Later, we will drop this two features.


# **<span style="color:deepskyblue"> Part 3 - Multi Variate Feature Analysis</span>** 

In [2284]:
plt.figure(figsize=(15,7))
sns.boxplot(x="Gender", y="MonthlyIncome", data=df,hue='Attrition',palette=pal_2)

In [2285]:
plt.figure(figsize=(15,7))
sns.boxplot(x="Gender", y="Age", data=df,hue='Attrition',palette=pal_2)


In [2286]:
df.groupby('Gender')['Attrition'].mean().to_frame()

In [2287]:
df.groupby(['Gender','Attrition'])['MonthlyIncome'].mean().to_frame()

In [2288]:
df.groupby(['Gender','Attrition'])['MonthlyIncome'].median().to_frame()

In [2289]:
df.groupby(['Gender','Attrition'])['Age'].mean().to_frame()

**Noteable Point :**

1. Above analysis confirms that Attrition rate of male is a bit higher than female 
2. MonthlyIncome rate, Age is almost equal for both Gender. 

Therefore, we can conclude that Gender does not have much influence for Employee Attrition.**

In [2290]:
#Plotting Age vs monthly income
plt.figure(figsize = (16,6))
sns.regplot(x= 'Age', y = 'MonthlyIncome' , data = df,color='lightseagreen')
plt.show()

"""There is a linear relation between Age and Monthly income"""

In [2291]:

# plt.figure(figsize = (16,6))
sns.jointplot(x='Age',y='MonthlyIncome',data=df,hue='Attrition',palette=pal_2)
plt.show()

In [2292]:
df.groupby(['Attrition'])['Age'].mean().to_frame()

In [2293]:
df.groupby(['Attrition'])['MonthlyIncome'].mean().to_frame()
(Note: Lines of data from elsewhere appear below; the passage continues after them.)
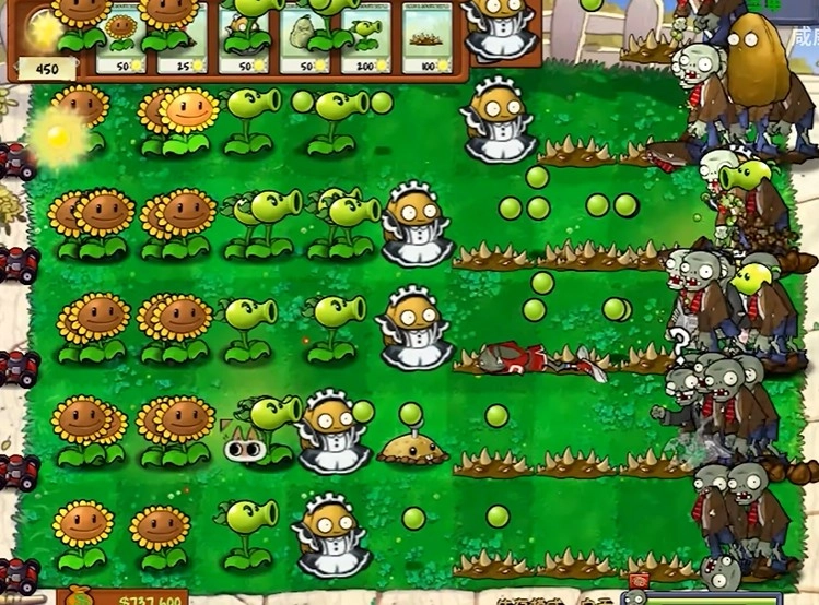 你的第一道防线。它们通过发射豌豆来攻击僵户。
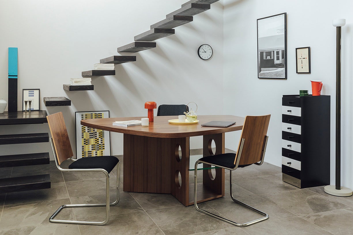 四角でも丸でもない、その不定形で正面のない形状のため、空間のどこに設置しても違和感がないドイツ・TECTA(テクタ)社の「M21テーブル」は、20世紀を代表する芸術学校バウハウスのデザイン思想の流れを汲む機能性と唯一無二のデザインで、1990年の発売以来現在に至るまで30年以上にわたり製造が続けられているロングライフデザインのテーブルです。
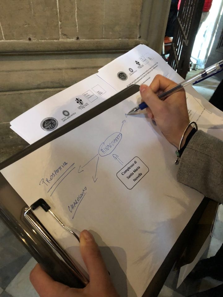 Nel 2018 abbiamo avviato una seconda fase della ricerca in cui sono stato sviluppati e sperimentati nuovi strumenti di dialogo con il pubblico. L’obiettivo in questa fase è stato quello di far emergere, attraverso delle attività specifiche, gli aspetti più emotivi e personali nel rapporto che intercorre tra la Basilica di Santa Maria Novella ed i suoi visitatori. Il risultato è stato quello di poter conoscere nuove prospettive e punti di osservazione sulla percezione diffusa tra il pubblico e la comunità (soprattutto locale) riguardo al complesso domenicano. Questo è stato possibile grazie alle analisi partecipate condotte con dei gruppi di lavoro (o focus group) che hanno permesso di tracciare i pensieri dei nostri volontari con delle mappe concettuali.
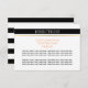 Este cartão de instruções de casamento simples, mas elegante, apresenta um padrão de listras pretas e brancas no verso. Na frente, há uma faixa preta na parte superior e sua redação está em uma faixa branca com uma faixa dourada.
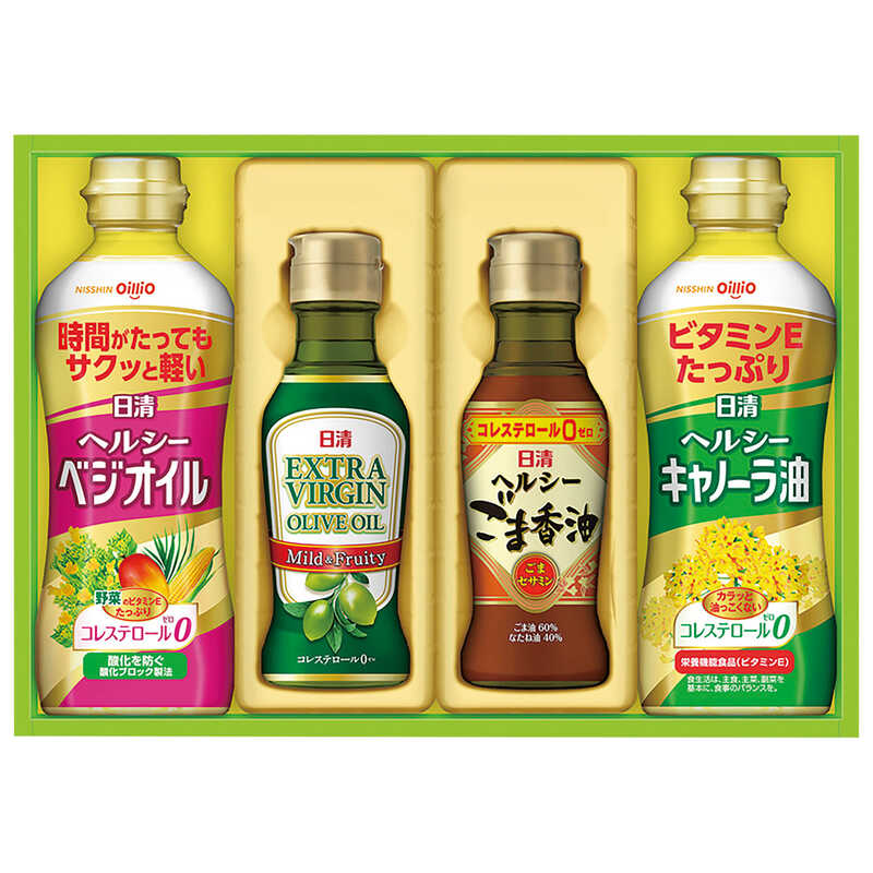 ヘルシーキャノーラ油・ヘルシーベジオイル×各1(各350g)、EXバージンオリーブオイル・ヘルシーごま香油×各1(各145g)
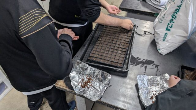 リンゴの播種をする農業生産部。え?リンゴ? 2026年01月09日 カテゴリー: 部活動 来年度の研究活動に向けてリンゴの種を蒔きました。インキュベーターで種を低温貯蔵すること2週間強。 苗木ができたらどんな研究を始めるのか。続報をお待ちください。
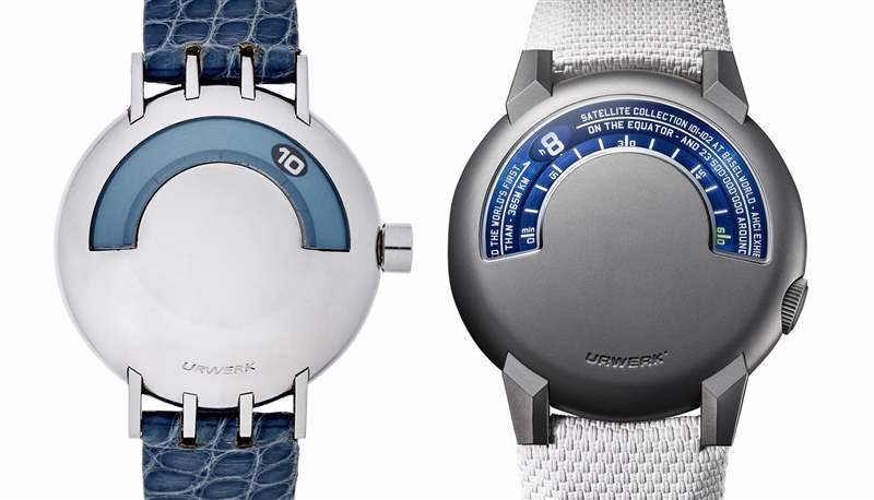表盤延續標志性的「衛星指針」布局,通過旋轉的小時數字窗搭配扇形分鐘刻度盤顯示當前時間,扇形表盤窗的兩端為更傾斜的線條,刻度外圈銘文則致敬 UR-102 腕表的發布歷史。
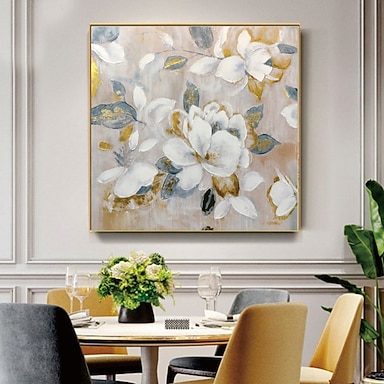 Pintura a óleo artesanal pintada à mão quadrada arte de parede impressão flores pintura em tela decoração de casa quadro esticado pronto para pendurar
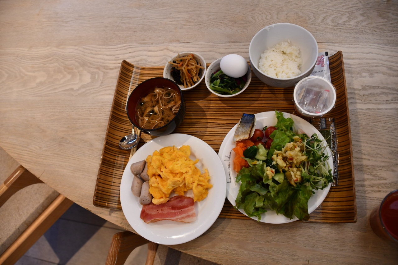この系列は、どことも駅前の一等地にあって目立つので、水戸もそうだと考えていました。ところが、北口の広場に出ても見当たりません。それもそのはず、線路沿いの、細い路地の先にありました。朝食は館内ではなく別棟で、駅中のお店でというのも驚きでした。

**Noteable Point : Attrition rate is higher for those employees who are having lower income as well younger in age.**

In [2294]:
plt.figure(figsize=(15,7))
sns.swarmplot( x="Department", y='MonthlyIncome',data=df,hue='Attrition',palette=pal_2)


In [2295]:
df.groupby('Department')['Attrition'].mean().to_frame()

In [2296]:
df.groupby(['Department','Attrition'])['MonthlyIncome'].mean().to_frame()
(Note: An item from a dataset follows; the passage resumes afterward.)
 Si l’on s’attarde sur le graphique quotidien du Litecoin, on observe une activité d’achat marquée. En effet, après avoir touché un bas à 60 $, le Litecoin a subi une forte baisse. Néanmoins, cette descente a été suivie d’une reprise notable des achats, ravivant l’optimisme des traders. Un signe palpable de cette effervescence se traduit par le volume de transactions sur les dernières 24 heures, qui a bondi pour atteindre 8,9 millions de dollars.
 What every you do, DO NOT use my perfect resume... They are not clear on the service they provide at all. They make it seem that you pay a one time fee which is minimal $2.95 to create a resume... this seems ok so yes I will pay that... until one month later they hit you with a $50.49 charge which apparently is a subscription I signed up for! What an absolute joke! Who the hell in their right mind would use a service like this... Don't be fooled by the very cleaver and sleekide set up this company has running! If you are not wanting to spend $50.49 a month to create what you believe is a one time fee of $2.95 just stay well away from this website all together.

**Noteable Point : Attrition rate and MonthlyIncome rate both are high in Sales Department. ******

In [2297]:
plt.figure(figsize=(15,7))
sns.barplot(x='Department',y='DistanceFromHome',data=df,hue='Attrition',palette=pal_2)

**Noteable Point : Employee those are leaving far away from the compnay, they have more chance to leave the company.**

In [2298]:
plt.figure(figsize=(15,7))
sns.swarmplot( x="Education", y='HourlyRate',data=df,hue='Attrition',palette=pal_2)


In [2299]:
df.groupby('Education')['Attrition'].mean().to_frame()

In [2300]:
df.groupby(['Education','Attrition'])['HourlyRate'].mean().to_frame()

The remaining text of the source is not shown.